Pheochromocytoma: ~5% of incidentalomas; test for this in all patients. Classic triad is headache (>90%), hypertension (paroxysmal or sustained), and diaphoresis.

• 24-hour urine fractionated metanephrines and catecholamines: sensitivity and specificity 91-98%. False positives with labetalol (assay interference), TCAs, decongestants.
• Plasma free metanephrines: sensitivity 96-100%, specificity 85-89%. Low positive predictive value in low-risk populations. Specificity decreases with age.
• Imaging may be helpful but is not diagnostic.

Hyperaldosteronism: ~1% of incidentalomas; test if patient hypertensive or hypokalemic.

• Hypokalemia and metabolic alkalosis variably present.
• Check plasma aldosterone concentration (PAC) and plasma renin activity (PRA), if possible in the morning on a seated patient post ambulation. No uniformity on assay methods or cut offs, but PAC/PRA ratio above 30 is generally thought to be diagnostic. Spironolactone and epleronone must be discontinued in advance, and other antihypertensives may influence results.  

• Functioning pheochromocytoma: management is surgical, with careful pre-surgical preparation.
  • Volume depleted state requiring significant IV volume expansion.
  • Alpha blockade beginning ~ 2 weeks before surgery (e.g. phenoxybenzamine). Titrate to symptom and blood pressure control.
  • Beta blockade only after adequate alpha blockade (to avoid hypertensive crisis with unopposed alpha agonism).
  • Pheochromocytomas and paragangliomas (extra-adrenal catecholamine producing tumors) are associated with a variety of genetic syndromes and germline mutations (e.g. MEN2, VHL, NF1, SDH).
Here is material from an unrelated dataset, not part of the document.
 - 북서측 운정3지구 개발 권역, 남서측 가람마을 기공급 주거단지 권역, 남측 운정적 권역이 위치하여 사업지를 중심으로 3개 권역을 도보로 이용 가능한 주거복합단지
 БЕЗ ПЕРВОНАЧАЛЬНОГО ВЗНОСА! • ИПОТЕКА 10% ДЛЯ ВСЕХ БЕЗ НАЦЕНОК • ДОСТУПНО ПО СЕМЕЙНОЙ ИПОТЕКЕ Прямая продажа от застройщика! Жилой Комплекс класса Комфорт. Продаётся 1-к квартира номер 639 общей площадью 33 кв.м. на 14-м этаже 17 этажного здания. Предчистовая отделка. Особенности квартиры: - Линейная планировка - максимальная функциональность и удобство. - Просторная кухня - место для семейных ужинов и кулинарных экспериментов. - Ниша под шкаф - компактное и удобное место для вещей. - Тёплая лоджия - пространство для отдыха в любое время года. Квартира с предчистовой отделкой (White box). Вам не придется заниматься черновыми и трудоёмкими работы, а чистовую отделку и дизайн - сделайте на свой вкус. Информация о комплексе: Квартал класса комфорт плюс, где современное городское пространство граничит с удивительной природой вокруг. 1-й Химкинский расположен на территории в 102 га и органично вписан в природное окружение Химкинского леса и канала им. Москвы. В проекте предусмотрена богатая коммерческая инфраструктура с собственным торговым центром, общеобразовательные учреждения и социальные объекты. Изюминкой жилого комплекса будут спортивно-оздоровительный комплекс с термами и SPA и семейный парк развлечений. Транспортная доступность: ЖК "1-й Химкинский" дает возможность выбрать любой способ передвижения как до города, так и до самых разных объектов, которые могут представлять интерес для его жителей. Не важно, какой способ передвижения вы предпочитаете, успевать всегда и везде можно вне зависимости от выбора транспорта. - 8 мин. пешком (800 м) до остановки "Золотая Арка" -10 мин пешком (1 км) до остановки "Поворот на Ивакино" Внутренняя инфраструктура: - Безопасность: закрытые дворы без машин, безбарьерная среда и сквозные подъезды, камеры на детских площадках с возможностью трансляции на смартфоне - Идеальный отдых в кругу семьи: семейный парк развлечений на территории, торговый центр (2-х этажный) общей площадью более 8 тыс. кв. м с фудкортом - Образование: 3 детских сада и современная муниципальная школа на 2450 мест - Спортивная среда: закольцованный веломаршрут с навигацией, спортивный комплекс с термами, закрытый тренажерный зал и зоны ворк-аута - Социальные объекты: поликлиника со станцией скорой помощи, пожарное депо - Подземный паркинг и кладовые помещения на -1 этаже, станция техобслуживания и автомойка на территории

Consider genetics consult for all bilateral pheochromocytomas, onset age <45, positive family history, any paraganglioma.
• Suspicious masses for malignancy: surgery if patient is able to tolerate; otherwise follow up imaging in 3 months.
• Benign, non-functioning masses: surgery if size >4 cm or growing on follow-up; otherwise, image at 6, 12, and 24 months and check hormones every year for 4 years.

Key Points 

• Adrenal incidentalomas are common.
• If >4cm or malignant characteristics on CT, surgery is recommended (evaluate for pheochromocytoma first).
• If <4cm, evaluate for Cushing’s, hyperaldosteronism, or pheochromocytoma.
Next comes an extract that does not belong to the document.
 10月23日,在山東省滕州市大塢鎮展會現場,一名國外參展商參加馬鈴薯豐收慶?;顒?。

Grumbach MM, Biller BM, Braunstein GD, et al. Management of the clinically inapparent adrenal mass (“incidentaloma”). Ann Intern Med 2003;138:424-429.
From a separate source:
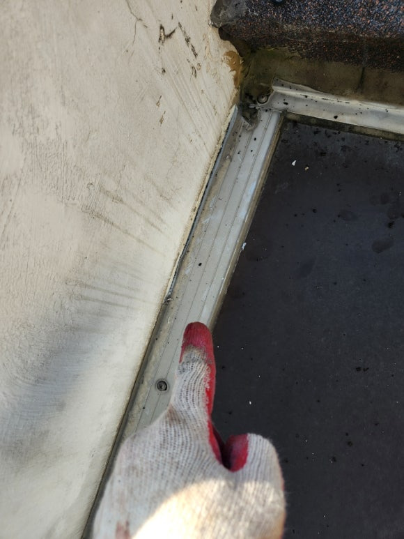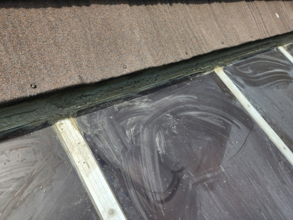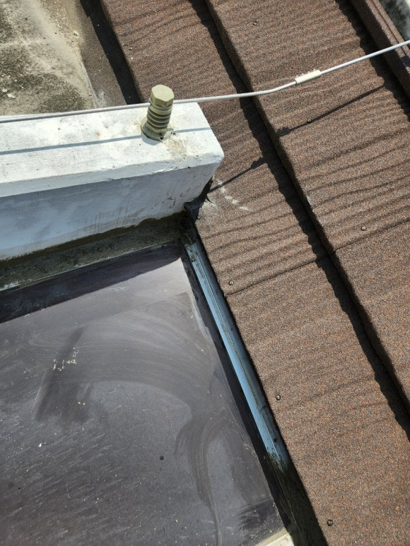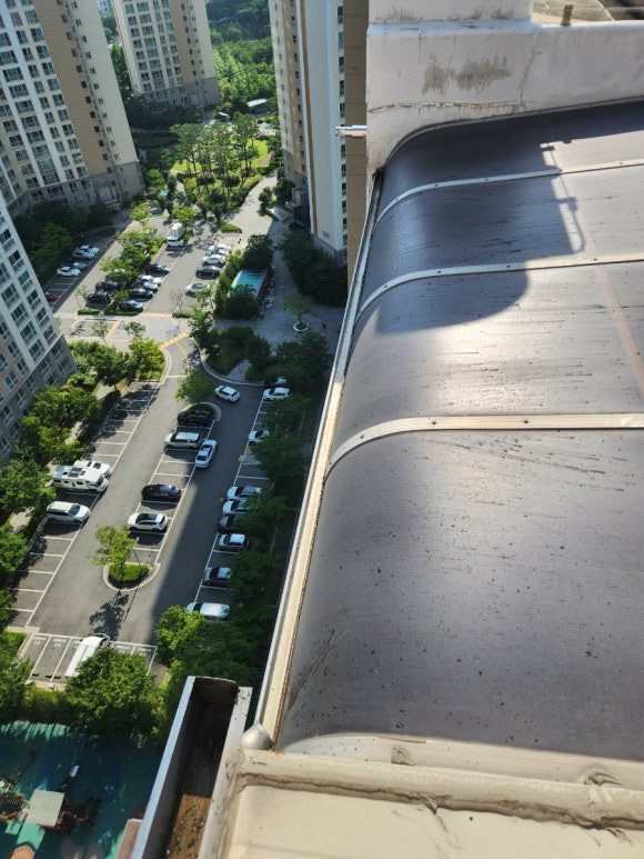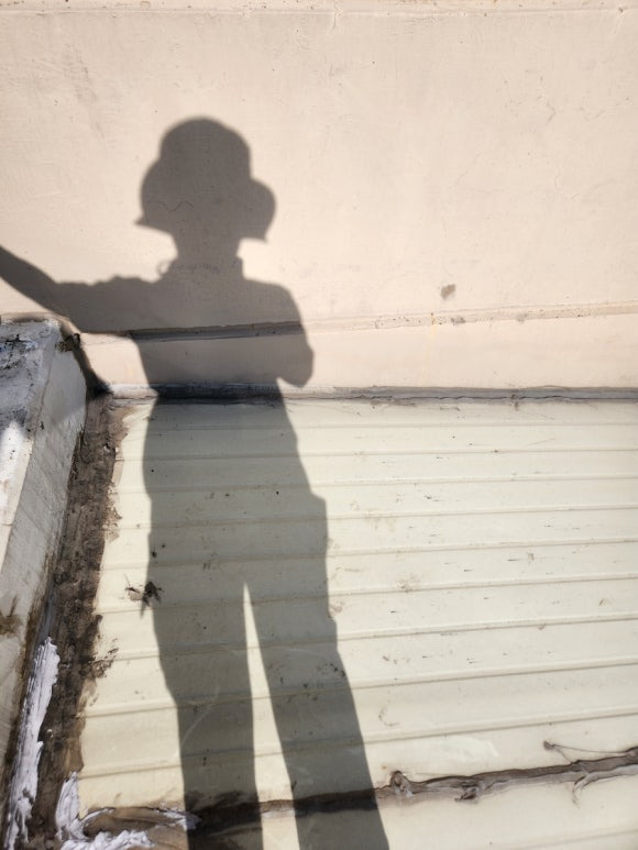 실리콘 덧방해놓은 자국이 보이네요. 누수가 있어 집주인분께서 셀프로 작업해놓으신거라 합니다. 판넬 연결부위와 피스자리에도 실리콘 처리가 다 잘 되어있네요.

Lenders JW, et al. Pheochromocytoma and paraganglioma: an endocrine society clinical practice guideline. J Clin Endocrinol Metab. 2014. 99(6):1915-42.

Neiman KL. Approach to the patient with an adrenal incidentaloma. J Clin Endocrinol Metab 2010;95(9):4106-13.

Young WF. The incidentally discovered adrenal mass. N Engl J Med 2007;356:601-610.